Sunday, February 16, 2014

how do i "cope" with the pain?

my forward walking video was posted by a girl who received this response "It's unfortunate that she does not share her reality of how she has coped or is coping over the years. You can see the tears in her eyes, the pain in her heart, and hear it in her voice. There is so much below the surface...and that's what really needs to be voiced. That's my opinion on what I see in this video." and asked "I was wondering if you have done a video or any blog posts about your coping or if you think this description is accurate? Thanks!"
here is my response: 
 y'know...it's interesting, i was seein a guy who had the same impression recently, the "sad" was what stood out to him. it surprised me, i had to watch it again myself to look for what he'd seen. it is in there, to be sure, and it's in me. there was a time when a couple years passed where i hadn't felt it in an acutely painful way and in my presentations or writings i would say "i'm not sad anymore, it doesn't hurt anymore" and then the night before my son turned 14, i felt the hole in me as fresh and raw as if it had been yesterday. and to be honest, the timing of this question is interesting me, not only because it's the 2nd comment of this nature i've encountered in just a few weeks, but as recently as Friday night, some loss landed on me out of nowhere and weighed heavy. i was sittin around a fire with about 20 people and the 3 directly across from me were mamas cuddlin sons in their laps from toddlers to about 8 years old. as guitars were played and songs were sung and under a full moon sky, i couldn't keep it in. i wept as inconspicuously as i could for like a half hour. 

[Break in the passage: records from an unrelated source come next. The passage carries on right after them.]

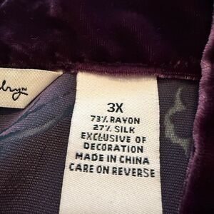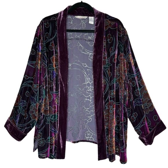 French Laundry Kimono Jacket Purple Floral Velvet Burnout Size 3X Boho, Elegant
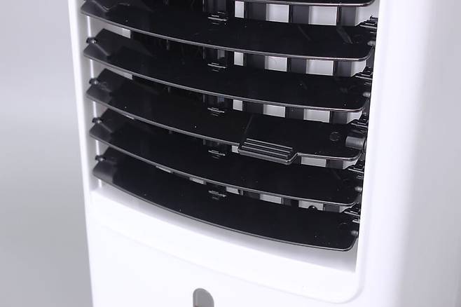 리모컨 수신부 아래에는 바람이 나오는 송풍구가 있고, 송풍구 앞에는 바람의 방향을 조절하는 날개가 위치해 있다. 좌우 방향을 조절하는 세로 날개는 안쪽에 있으며, 상하 방향을 조절하는 가로 날개가 가장 바깥쪽에 자리 잡고 있다.
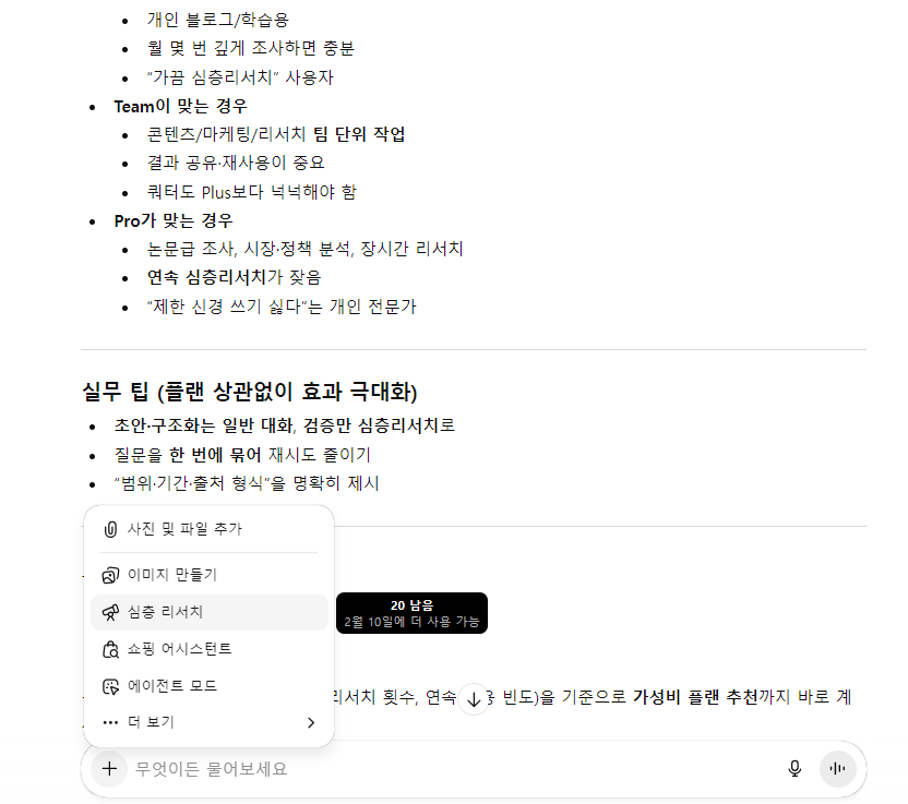 특히 심층리서치 제한은 대표적인 “쿼터형 기능”이라 무제한으로 보기 어렵습니다.
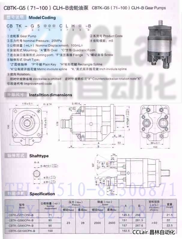 詳細(xì)信息 CBTK-G571CLH-B,CBTK-G580CLH-B,CBTK-G590CLH-B,CBTK-G5100CLH-B,齒輪油泵
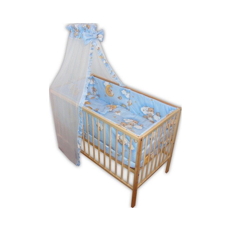 Lenjerie patut bebe cu 6 piese ursuletul somnoros albastru cu baldachin din voal
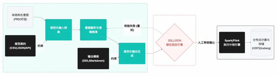 规范化输入: 将 DDL、业务口径文档及上游数据分布特征作为上下文输入给模型。
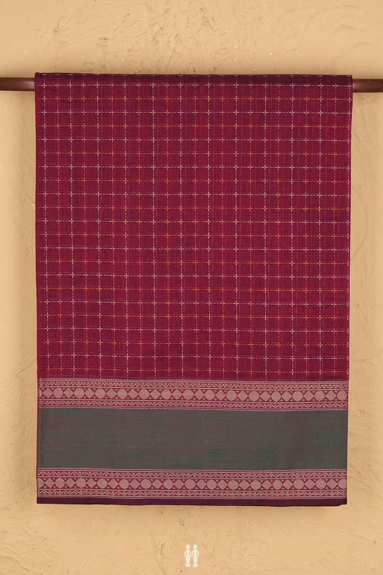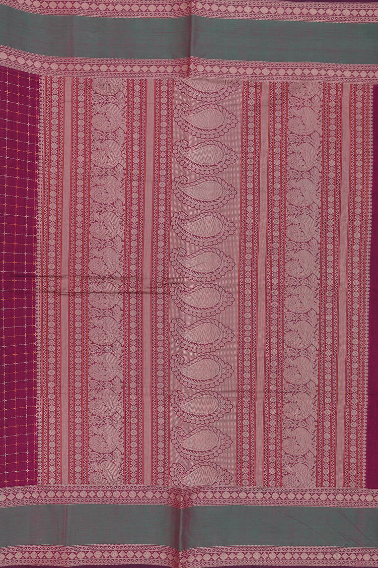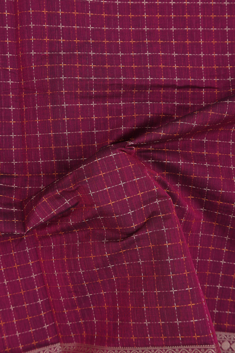 Coimbatore Cotton Saree In Plum Purple With Checks Design

i think there are a few things that make me ok. one is that i've learned to surrender to the pain, to give it the space it needs and to honor it, even to see the beauty in it and be grateful for it, but the other part is that i hold tightly to the peace that came when i decided to place him for adoption, when i found and met his parents, when i met him and got to know him, when i signed the relinquishment forms and said goodbye, when i went home with empty arms, when the agency discontinued correspondence, when reunification brought the discovery that trauma and tragedy had been a part of his formative years, and at every point between. for the sake of my own well being i have trained my mind to count every blessing and acknowledge every tender mercy, to build my faith and confidence on every confirmation, the which have come to me too many times to recount and in so many varied ways. i pay attention to the pain, but it's in paying attention to the sweetness and the blessings that the loss becomes meaningful and even beautiful. there's purpose in my pain. i accept it as a part of the package, an essential part even. the taste of the bitter has made the contrast of sweetness all the sweeter. every time i've been stretched to a new extent for anguish, my ability to feel joy also extends. Neil Maxwell said "the cavity which suffering carves into our souls will one day also be the receptacle of joy". i believe this because it has happened to me. because my sacrifice was good and right, it has been, to my continual surprise, compensated for. the video is sad but it IS happy. i am sad but I AM happy! happier than i'd had the capacity to be until my range of emotion was expanded by grief. i would be a fool to reject the rose for the thorns attached.
i think another key to my coming to and maintaining my peace, my healing, and my processing is that i have made my suffering even more valuable by using it to serve and help others, there is SO MUCH sweetness in that! exhilaration even. i just see my path as blessed in spite of and even because of the burdens built in. 
placing a child for adoption is miraculous and beautiful but it is also trauma. i haven't found the way around the pain, i hope i never give the impression that there is a way around it. in the filming i did address some of what that "coping" and healing has been for me and i wish there'd been time enough to include it, the commenter was right, it is much needed. i hope this addresses it in a satisfactory way. time and patience are a big part as well i'm afraid. the sucky parts come inevitably, my aim is just to try to endure them well and with perspective, anticipating the parts that make it worth it.